Task to carry out: Starting at the line that contains "A bananicultura será", transcribe every remaining line of the data below exactly, and omit all pictures.

Input data:
• • •

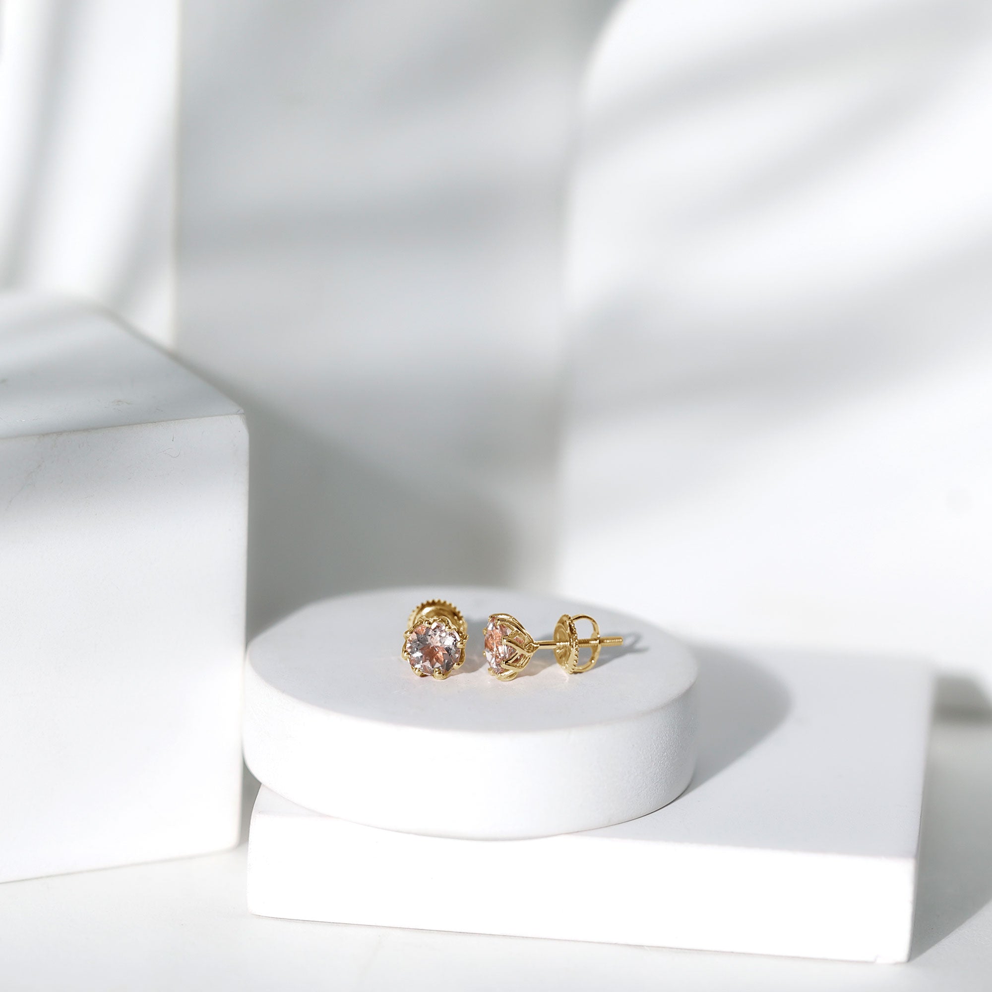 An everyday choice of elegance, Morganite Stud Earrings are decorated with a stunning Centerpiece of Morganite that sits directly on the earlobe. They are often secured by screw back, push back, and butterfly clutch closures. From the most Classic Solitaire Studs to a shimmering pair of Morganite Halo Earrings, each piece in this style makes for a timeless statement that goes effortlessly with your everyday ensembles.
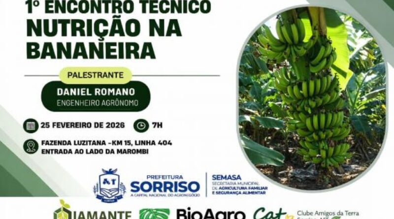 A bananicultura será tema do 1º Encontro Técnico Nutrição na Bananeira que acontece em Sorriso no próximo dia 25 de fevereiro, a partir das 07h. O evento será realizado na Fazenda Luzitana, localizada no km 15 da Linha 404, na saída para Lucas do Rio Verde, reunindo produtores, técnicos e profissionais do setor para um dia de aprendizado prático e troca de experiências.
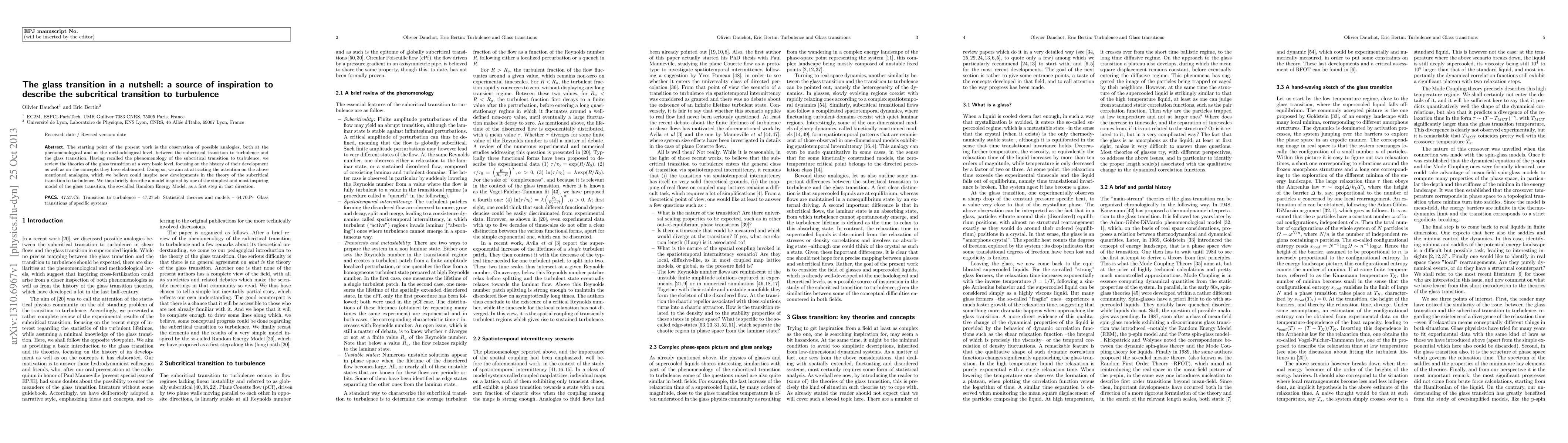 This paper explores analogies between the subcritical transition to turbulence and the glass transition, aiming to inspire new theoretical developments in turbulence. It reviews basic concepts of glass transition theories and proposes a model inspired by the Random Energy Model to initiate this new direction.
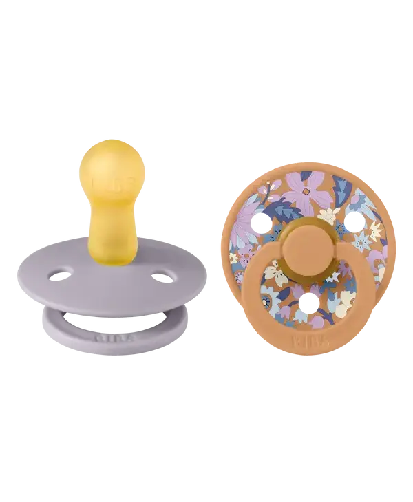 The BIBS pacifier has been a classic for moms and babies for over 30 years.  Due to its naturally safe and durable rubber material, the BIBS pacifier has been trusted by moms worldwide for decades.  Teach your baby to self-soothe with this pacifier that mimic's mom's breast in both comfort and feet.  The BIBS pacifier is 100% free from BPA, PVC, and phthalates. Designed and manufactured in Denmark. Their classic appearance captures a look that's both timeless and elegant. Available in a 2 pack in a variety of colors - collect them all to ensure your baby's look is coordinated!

• • •

Problem solution:
 A bananicultura será tema do 1º Encontro Técnico Nutrição na Bananeira que acontece em Sorriso no próximo dia 25 de fevereiro, a partir das 07h. O evento será realizado na Fazenda Luzitana, localizada no km 15 da Linha 404, na saída para Lucas do Rio Verde, reunindo produtores, técnicos e profissionais do setor para um dia de aprendizado prático e troca de experiências.
 This paper explores analogies between the subcritical transition to turbulence and the glass transition, aiming to inspire new theoretical developments in turbulence. It reviews basic concepts of glass transition theories and proposes a model inspired by the Random Energy Model to initiate this new direction.
 The BIBS pacifier has been a classic for moms and babies for over 30 years.  Due to its naturally safe and durable rubber material, the BIBS pacifier has been trusted by moms worldwide for decades.  Teach your baby to self-soothe with this pacifier that mimic's mom's breast in both comfort and feet.  The BIBS pacifier is 100% free from BPA, PVC, and phthalates. Designed and manufactured in Denmark. Their classic appearance captures a look that's both timeless and elegant. Available in a 2 pack in a variety of colors - collect them all to ensure your baby's look is coordinated!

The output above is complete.